Santander Consumer USA Inc. will replace Ally Financial Inc. as Mitsubishi’s preferred finance partner, the closest thing to a captive finance company the automaker has.

“Santander will be a ‘captive-like’ finance partner,” Santander spokeswoman Laurie Kight wrote in an email Friday.

The new arrangement takes effect June 1.

“Santander will be the direct/preferred lending partner, specifically with access to any Mitsubishi Motors subvented programs,” Mitsubishi spokesman Jeremy Barnes wrote in an email Friday.

“Additionally, Santander is able to provide other financial services to our dealer partners as necessary, such as floorplanning.”

Kight said Santander would have exclusivity with regards to Mitsubishi’s incentive programs.
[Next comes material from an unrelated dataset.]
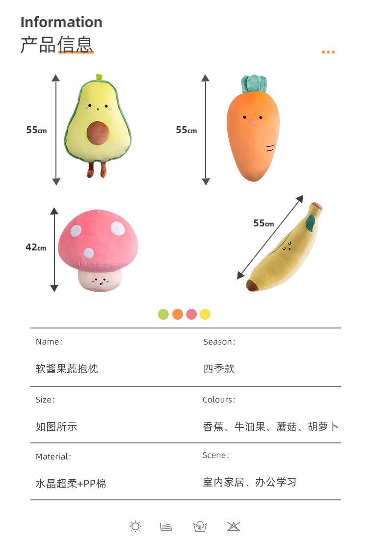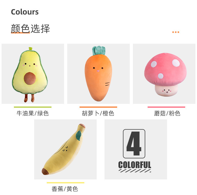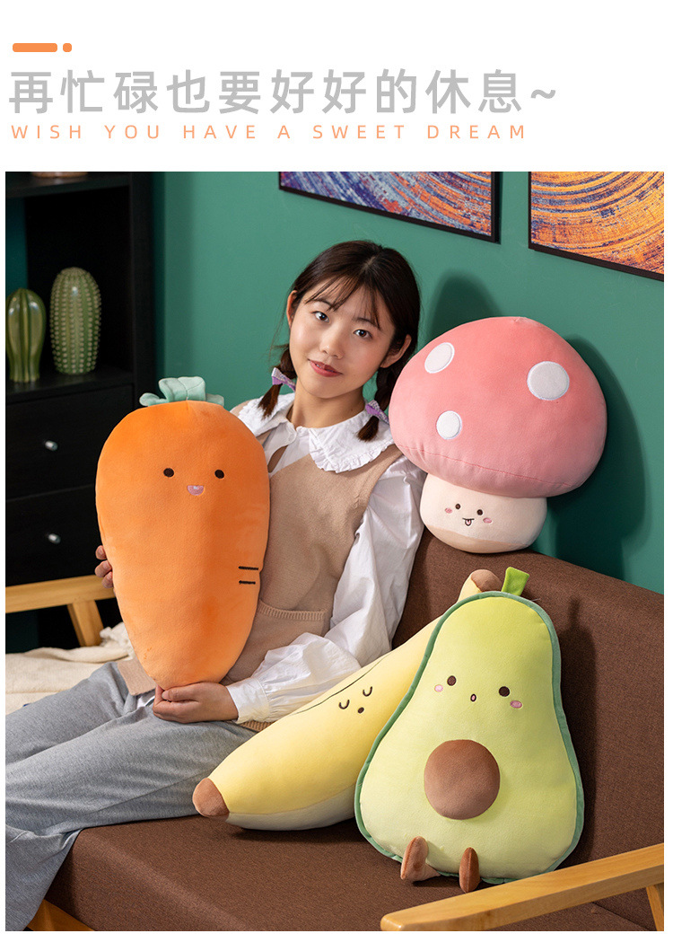 标题:Cute avocado pillow carrot fruit plush toy doll banana fruit and vegetable cushion girl gift doll

“Ally remains committed to our dealer customers’ success, supporting their businesses in this rapidly changing environment,” an Ally spokesperson said in a statement. She called the independent lender “well positioned to continue supporting Mitsubishi dealers.”

The announcement of Santander’s new relationship comes as another of its automaker partnerships faces an uncertain future.

Stellantis’ Chrysler Capital consumer finance program involves a private-label agreement with Santander. It’s not a true captive finance company, according to Stellantis.

However, Stellantis in November closed a $289 million deal, originally estimated at $285 million, for F1 Holdings Corp. The automaker said it would turn F1 subsidiary First Investors Financial Services Group into a captive finance company and has renamed the business Stellantis Financial Services US Corp.

The Stellantis-Santander arrangement ends April 30, 2023, though a Stellantis spokesman said last year “we are open to a mutually beneficial relationship beyond the term of the existing agreement.”